● Exercise aim
Every line between the one containing "Spam emails for jobs that don't exist" and the last line of the data, both included, is to be set down exactly, and pictures are to be omitted.

● Data shown
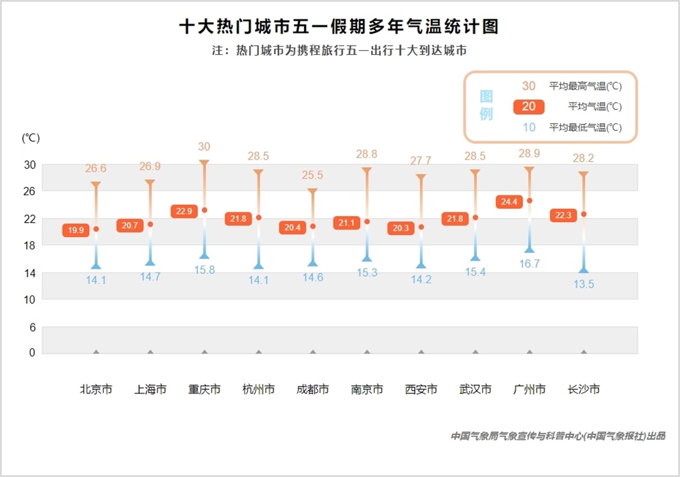 熱門城市中,北京5月1日至4日以晴為主,最高氣溫在26℃至28℃,適宜出行游玩,5日預計將出現(xiàn)小雨,氣溫略有下降。西安則在4日會出現(xiàn)小雨,其他時間以多云和陰天為主,氣溫在23℃上下,非常適宜出行。位于中東部地區(qū)的上海、杭州、南京等熱門城市5月1日-3日均以多云和陰天為主,最高氣溫均在20℃左右,溫度適宜,4至5日將出現(xiàn)小雨,出行還需注意做好防雨準備。長沙和武漢3日至4日將出現(xiàn)中雨至大雨天氣,不適宜戶外游玩。位于西南地區(qū)的成都和重慶“五一”假期前四天都將被小雨籠罩,直到5日才會放晴。
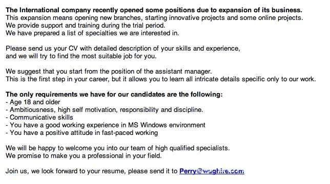 Spam emails for jobs that don't exist
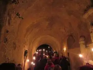 Partendo quindi dal Santuario della Montagna Spaccata, il numeroso serpentone di “tedofori” si è avviato su per i tornanti attraverso il bosco di lecci, per poi ridiscendere agevolmente alla Batteria Trabacco, dove ci aspettavano proprio i nostri amici astrofili con i loro potenti telescopi, capaci di farci ammirare le meraviglie del cosmo che ci circonda.

● Reply
 Spam emails for jobs that don't exist
 Partendo quindi dal Santuario della Montagna Spaccata, il numeroso serpentone di “tedofori” si è avviato su per i tornanti attraverso il bosco di lecci, per poi ridiscendere agevolmente alla Batteria Trabacco, dove ci aspettavano proprio i nostri amici astrofili con i loro potenti telescopi, capaci di farci ammirare le meraviglie del cosmo che ci circonda.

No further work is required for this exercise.